The recognition. She was named LinkedIn Top Voice: "Moi, Maud, consultante solo, je me retrouve dans le même club que Bill Gates, Jamy Gourmaud, et Oprah" (me, Maud, a solo consultant, in the same club as Bill Gates and Oprah). Her takeaway, again for the quiet reader: "Vous n'avez pas besoin d'y croire, juste de le faire un peu plus tous les jours" (you don't need to believe it, just do it a little more every day).
One pattern a normal bio would miss: Maud's introvert thesis is not a one-off, it is her signature. "Être silencieux ne signifie pas qu'on a rien à dire" (being silent doesn't mean you have nothing to say) closes her second-biggest post; nearly the same line closes her first public-speaking post. The quiet-person manifesto is her franchise.
What she actually talks about

Her feed splits across four lanes of near-equal size: Coaching, Content Marketing, Entrepreneurship and Social Media. None dominates. The engagement detail is the interesting part: Social Media is her smallest lane but her highest-performing one (about 563 median likes versus 485 for Content Marketing), and her two career-defining posts both sit there. When Maud talks about the platform game itself, her audience leans in hardest.
Sorted by register, her largest mode is "Réflexion personnelle" (personal reflection), about 40 posts, just ahead of "Conseil percutant" (punchy advice), about 39. Maud is not a tips creator; she is an essayist who thinks out loud, and the selling is rare: only about 17 of her categorized posts read as "vente via valeur" (selling through value), the opposite of the hard-sell norm.
Who she writes for
Her reader is stated plainly: the quiet, reflective person who assumes they are not built for visibility, and the solo entrepreneur who needs permission to charge, to slow down, to ignore the playbook.

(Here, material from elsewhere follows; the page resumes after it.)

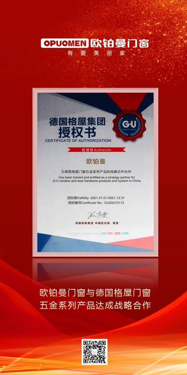 近日,欧铂曼门窗与全球知名建筑五金品牌——德国格屋正式签约达成战略合伙伴。这将意味欧铂曼门窗五金配件供应链系统进一步升级,2021欧铂曼门窗产品细节、配件再升级,只为给爱家的你定制更好的家居体验!

She names them in her conference post ("pour encourager d'autres introvertis à prendre la parole", to encourage other introverts to speak up), while her headline names the buyer above them: "Je bâtis la e-réputation des CEOs" (I build the online reputation of CEOs).
Her best posts of 2026
Honesty first: Maud posts about once a week, so 2026 gave us fewer big posts than a daily creator, and none approach her 2022 peak. But the three that landed are pure Maud:

797 likes. Her best 2026 post is a year-in-review with a twist: "2025 a été ma meilleure année professionnelle. Mais aussi celle où j'ai décidé de tout envoyer valser" (2025 was my best professional year. But also the one where I decided to throw it all up in the air). She crosses 300k in revenue, then announces her 2026 goal is not more revenue but to write her first novel.

781 likes. A screenshot-ready tip: "Ma meilleure décision de 2025 : Passer mon portable en noir et blanc" (my best decision of 2025: switching my phone to black and white), with the settings path and the data that her daily screen time fell to 1h14.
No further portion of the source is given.